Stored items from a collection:

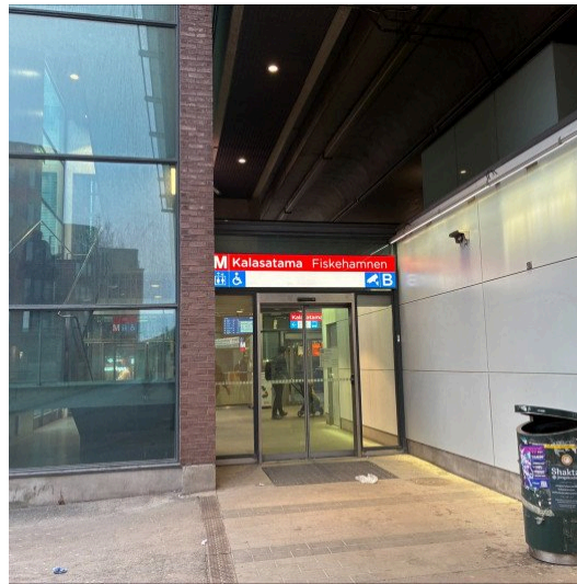
Kalasadaman metroaseman Lautatarhankadun puoleinen B-sisäänkäynti.

Lue lisää liikennemuutoksista Kaupunkiliikenteen sivuilla →
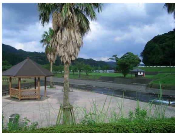
KAPIC の周りの伝説の川
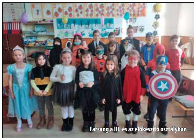
Farsang a III. és az előkészítő osztályban
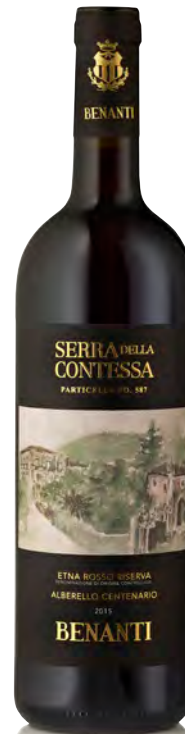
ETNA ROSSO RISERVA DOC "SERRA CONTESSA PARTICELLA NO.587"

Vitigno: Nerello mascalese 90% - Nerello cappuccio 10% Tipo di vino: rosso Vinificazione e affinamento: fermentazione in acciaio con lieviti autoctoni - macerazione 21 giorni - affinamento in botti da 15 hl per 12 mesi
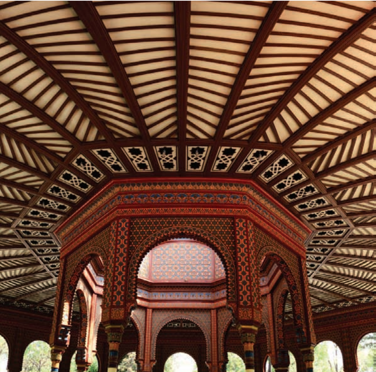
Detalle del techo del Kiosko Morisco, Santa María la Ribera
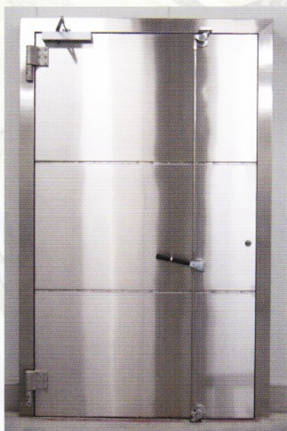
保温機能付シールドドア 40dB
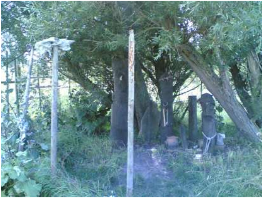
(上)野外にしつらえた「聖域」再現 (フォテヴィク野外博物館／スウェーデン)

• **What is required**
Print, please, exactly the lines from the one holding "ETNA ROSSO RISERVA" through the final line of the data, both included, while leaving out each picture.

• **Result**
ETNA ROSSO RISERVA DOC "SERRA CONTESSA PARTICELLA NO.587"

Vitigno: Nerello mascalese 90% - Nerello cappuccio 10% Tipo di vino: rosso Vinificazione e affinamento: fermentazione in acciaio con lieviti autoctoni - macerazione 21 giorni - affinamento in botti da 15 hl per 12 mesi
Detalle del techo del Kiosko Morisco, Santa María la Ribera
保温機能付シールドドア 40dB
(上)野外にしつらえた「聖域」再現 (フォテヴィク野外博物館／スウェーデン)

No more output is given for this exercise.